There are certainly other details to consider, but these are the essential elements of an ICT application.

It is also important to note that there are multiple legal bases for ICT applications – some can be processed under the ‘general’ regulations, and some are processed under applicable Free Trade Agreements (FTAs) including NAFTA, the Canada-European Union Free Trade Agreement (CETA), and the Comprehensive and Progressive Free Trade Agreement (CPTPP). Though all the ICT provisions at this time are similar, there are differences of nuance in some circumstances.

Immigration, Refugees and Citizenship Canada (IRCC) has just provided some guidance to its field officers with regard to ICTs, which guidance should be used by ‘end users’ (i.e. corporations and their employees relying on this category, as well as their representatives) to ensure that they meet the requirements that adjudicating officers are looking for.

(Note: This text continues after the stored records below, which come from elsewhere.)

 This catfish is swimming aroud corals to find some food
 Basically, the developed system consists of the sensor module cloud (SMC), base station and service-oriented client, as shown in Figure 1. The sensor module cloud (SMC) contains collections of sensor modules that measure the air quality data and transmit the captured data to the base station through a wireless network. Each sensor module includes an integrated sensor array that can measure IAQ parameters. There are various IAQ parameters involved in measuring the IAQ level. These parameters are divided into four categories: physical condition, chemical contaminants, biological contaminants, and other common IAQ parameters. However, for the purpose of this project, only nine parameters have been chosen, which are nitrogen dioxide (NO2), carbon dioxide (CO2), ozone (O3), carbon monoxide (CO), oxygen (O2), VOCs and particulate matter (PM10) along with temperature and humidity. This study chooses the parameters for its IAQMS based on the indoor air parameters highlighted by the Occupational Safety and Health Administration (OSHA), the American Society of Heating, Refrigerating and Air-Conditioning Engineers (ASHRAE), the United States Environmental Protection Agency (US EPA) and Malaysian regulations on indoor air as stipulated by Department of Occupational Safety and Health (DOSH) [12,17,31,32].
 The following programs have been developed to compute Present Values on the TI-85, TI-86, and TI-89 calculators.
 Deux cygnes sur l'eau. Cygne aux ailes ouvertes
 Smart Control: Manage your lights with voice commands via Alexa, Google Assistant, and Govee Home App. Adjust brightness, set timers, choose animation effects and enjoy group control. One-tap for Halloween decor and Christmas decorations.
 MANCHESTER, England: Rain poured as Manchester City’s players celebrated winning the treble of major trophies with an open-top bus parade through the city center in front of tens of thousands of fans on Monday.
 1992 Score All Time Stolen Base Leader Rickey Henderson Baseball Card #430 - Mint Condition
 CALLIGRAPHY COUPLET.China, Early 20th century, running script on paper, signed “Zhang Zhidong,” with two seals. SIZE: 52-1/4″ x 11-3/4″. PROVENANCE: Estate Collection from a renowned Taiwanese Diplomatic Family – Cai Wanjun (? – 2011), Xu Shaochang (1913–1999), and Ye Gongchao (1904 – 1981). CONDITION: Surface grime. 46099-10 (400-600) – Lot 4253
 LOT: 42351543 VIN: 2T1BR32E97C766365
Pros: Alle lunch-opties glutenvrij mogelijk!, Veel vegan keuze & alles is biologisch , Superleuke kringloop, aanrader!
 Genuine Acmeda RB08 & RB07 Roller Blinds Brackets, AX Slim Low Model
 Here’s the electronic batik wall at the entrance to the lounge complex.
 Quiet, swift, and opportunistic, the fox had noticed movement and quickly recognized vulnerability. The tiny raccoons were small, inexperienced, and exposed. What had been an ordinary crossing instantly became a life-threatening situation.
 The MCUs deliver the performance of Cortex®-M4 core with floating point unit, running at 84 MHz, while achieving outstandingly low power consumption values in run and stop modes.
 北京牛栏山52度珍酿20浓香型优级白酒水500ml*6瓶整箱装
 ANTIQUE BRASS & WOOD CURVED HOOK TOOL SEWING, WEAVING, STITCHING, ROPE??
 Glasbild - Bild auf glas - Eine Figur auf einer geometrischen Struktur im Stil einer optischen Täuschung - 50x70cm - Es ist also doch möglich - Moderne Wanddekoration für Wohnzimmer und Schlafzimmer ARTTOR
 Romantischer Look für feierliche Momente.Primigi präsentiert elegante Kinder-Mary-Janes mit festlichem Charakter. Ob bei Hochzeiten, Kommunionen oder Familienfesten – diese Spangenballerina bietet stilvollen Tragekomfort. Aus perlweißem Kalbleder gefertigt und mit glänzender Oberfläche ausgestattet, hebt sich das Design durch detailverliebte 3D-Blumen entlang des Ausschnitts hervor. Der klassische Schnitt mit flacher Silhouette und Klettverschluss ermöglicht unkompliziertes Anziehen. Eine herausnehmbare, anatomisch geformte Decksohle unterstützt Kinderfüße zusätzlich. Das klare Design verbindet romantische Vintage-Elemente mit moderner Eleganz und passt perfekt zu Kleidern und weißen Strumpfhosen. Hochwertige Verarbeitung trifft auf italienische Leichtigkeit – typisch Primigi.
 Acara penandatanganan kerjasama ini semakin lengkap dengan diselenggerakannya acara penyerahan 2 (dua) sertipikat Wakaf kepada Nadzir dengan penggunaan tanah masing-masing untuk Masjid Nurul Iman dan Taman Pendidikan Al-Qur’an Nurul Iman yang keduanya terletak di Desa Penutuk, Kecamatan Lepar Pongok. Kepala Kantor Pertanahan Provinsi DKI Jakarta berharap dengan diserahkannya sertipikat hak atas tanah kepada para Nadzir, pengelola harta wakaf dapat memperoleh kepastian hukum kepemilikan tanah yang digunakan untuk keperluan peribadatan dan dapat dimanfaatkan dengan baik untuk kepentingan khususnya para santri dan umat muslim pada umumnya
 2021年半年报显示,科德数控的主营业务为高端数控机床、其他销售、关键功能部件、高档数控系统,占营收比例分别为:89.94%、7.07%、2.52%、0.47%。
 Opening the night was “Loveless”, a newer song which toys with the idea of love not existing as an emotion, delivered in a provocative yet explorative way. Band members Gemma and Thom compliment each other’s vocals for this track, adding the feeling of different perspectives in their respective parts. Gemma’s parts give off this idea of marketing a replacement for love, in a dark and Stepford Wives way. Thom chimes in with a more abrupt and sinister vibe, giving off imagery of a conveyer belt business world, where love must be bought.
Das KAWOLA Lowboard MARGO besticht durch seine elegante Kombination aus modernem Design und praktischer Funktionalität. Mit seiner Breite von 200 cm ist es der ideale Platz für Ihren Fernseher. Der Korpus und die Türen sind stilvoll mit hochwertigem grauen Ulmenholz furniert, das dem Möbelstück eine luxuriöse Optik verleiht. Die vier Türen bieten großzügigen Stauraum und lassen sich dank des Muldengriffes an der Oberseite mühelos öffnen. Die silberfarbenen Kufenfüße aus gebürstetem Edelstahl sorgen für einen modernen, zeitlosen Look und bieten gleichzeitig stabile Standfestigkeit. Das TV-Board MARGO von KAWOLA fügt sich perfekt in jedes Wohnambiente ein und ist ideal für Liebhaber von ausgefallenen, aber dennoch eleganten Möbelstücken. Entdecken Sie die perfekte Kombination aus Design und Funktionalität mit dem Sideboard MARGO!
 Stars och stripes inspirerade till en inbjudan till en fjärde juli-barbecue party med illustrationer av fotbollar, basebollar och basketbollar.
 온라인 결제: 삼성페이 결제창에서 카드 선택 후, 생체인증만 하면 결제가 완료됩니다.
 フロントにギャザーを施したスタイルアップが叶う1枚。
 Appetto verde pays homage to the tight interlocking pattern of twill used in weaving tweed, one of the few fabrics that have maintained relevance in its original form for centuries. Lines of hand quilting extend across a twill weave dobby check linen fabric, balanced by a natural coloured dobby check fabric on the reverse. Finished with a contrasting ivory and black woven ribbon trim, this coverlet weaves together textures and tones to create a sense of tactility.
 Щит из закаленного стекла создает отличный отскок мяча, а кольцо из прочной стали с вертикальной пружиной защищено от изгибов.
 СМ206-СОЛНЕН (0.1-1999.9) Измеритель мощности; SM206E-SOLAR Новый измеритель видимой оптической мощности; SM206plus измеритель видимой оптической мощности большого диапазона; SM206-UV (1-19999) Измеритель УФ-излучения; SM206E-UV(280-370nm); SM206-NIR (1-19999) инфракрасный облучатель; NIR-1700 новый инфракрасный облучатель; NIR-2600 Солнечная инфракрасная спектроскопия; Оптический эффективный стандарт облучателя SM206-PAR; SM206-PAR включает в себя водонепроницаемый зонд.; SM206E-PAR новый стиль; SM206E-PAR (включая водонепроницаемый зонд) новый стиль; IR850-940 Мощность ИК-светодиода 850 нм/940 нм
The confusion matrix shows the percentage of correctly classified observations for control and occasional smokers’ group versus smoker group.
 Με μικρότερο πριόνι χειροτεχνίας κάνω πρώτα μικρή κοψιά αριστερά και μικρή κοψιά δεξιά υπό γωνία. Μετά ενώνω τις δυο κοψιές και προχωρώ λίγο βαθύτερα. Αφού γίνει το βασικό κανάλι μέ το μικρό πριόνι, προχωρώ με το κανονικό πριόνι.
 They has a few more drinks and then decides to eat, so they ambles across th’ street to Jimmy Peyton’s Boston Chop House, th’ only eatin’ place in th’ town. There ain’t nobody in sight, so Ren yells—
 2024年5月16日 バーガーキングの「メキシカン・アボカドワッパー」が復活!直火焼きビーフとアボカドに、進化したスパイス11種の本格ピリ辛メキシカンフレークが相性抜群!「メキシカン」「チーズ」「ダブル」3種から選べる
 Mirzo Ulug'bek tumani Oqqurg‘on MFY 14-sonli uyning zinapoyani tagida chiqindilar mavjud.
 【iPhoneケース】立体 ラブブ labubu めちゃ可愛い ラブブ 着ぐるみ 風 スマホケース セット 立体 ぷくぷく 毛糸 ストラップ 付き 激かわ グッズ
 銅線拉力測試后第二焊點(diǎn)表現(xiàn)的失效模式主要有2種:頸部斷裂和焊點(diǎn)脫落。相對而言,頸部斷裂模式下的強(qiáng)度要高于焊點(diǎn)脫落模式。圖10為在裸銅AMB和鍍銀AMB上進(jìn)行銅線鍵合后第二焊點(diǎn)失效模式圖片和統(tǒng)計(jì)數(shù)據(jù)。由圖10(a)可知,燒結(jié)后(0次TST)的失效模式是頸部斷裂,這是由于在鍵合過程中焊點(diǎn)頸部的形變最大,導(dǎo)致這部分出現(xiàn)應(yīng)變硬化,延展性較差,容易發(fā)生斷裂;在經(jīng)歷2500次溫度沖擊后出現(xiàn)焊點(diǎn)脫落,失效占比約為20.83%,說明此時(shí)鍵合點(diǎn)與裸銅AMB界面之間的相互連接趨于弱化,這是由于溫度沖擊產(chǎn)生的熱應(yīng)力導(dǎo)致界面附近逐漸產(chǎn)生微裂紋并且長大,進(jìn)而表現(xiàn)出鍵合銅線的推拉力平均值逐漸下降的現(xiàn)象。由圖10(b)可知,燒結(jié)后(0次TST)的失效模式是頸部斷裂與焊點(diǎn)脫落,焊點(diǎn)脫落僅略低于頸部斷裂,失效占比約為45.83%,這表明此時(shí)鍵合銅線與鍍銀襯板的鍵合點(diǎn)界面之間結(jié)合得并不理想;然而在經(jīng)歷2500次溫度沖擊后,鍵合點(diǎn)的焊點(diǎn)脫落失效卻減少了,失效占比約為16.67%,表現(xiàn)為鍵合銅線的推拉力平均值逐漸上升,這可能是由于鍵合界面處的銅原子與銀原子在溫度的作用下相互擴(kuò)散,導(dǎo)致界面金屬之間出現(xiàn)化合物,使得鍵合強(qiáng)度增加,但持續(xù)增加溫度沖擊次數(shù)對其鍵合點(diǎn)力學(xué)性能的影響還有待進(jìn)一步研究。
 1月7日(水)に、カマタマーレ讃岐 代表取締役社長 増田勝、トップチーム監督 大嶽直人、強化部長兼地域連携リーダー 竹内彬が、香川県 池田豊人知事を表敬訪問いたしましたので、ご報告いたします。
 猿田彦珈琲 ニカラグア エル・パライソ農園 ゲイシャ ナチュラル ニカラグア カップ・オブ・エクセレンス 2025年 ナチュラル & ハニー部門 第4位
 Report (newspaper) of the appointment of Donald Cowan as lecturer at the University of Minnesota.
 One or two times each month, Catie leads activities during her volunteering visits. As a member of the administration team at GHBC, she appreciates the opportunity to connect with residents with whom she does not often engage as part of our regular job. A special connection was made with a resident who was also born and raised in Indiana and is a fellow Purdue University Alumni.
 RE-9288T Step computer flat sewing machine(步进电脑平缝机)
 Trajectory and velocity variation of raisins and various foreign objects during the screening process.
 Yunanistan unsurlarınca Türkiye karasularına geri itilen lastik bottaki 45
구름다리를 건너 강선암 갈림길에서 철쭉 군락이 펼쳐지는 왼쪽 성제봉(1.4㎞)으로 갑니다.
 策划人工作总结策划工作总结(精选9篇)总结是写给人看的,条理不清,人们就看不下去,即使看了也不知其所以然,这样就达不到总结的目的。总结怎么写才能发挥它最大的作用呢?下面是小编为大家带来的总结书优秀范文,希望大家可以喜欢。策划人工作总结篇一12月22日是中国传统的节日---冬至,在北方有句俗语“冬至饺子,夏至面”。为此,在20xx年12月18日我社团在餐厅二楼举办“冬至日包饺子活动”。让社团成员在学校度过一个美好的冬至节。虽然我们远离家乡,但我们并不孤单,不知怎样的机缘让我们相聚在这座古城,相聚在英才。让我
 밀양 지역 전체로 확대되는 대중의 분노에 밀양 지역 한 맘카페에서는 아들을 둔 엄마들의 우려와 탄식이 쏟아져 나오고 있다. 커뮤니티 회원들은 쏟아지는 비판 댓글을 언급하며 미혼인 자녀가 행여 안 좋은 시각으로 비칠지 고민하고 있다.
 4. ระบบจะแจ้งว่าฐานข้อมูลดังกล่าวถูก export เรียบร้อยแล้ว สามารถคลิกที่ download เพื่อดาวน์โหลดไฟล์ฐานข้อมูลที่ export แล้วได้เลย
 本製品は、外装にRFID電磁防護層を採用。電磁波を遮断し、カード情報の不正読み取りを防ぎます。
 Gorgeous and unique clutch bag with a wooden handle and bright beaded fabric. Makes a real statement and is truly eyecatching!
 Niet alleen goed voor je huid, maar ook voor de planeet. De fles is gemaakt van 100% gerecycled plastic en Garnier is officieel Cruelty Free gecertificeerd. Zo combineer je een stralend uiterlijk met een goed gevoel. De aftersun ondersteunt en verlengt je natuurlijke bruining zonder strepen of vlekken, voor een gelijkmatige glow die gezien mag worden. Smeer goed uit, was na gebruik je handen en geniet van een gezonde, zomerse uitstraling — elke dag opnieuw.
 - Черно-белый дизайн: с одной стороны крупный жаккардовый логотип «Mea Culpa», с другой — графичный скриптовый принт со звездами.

Regulatory-based vs. FTA Intra-Company Transfer Applications

The primary IRCC guidance issued is that ICT applicants should have their cases processed based on the legal criteria requested – that is, either the general regulatory provisions, or a particular FTA, as the case may be. As noted, most ICT provisions are similar, but there may be differences in some situations, such as, for example,

  • The fact that the Canada-Peru Free Trade Agreement allows for ICT after only 6 months of employment with a foreign affiliate, AND, it also allows for consideration of Peruvian permanent residents (while in all other cases, considerations are based on citizenship).
  • IRCC guidance for CETA implies that extensions of CETA ICTs may be limited to 18 months, with officer’s discretion, after an initial 3 year maximum period.

Recaptured Time

ICT-based work permits have general maximum validity periods – 5 years for specialized workers, and 7 years for managerial workers (these may be reached through multiple renewals after initial approval). To determine whether a worker has met his or her cap, officers first look at the actual work permits, but time may be ‘recaptured’ if evidence is presented that part of the time was spent not working, or not working in Canada.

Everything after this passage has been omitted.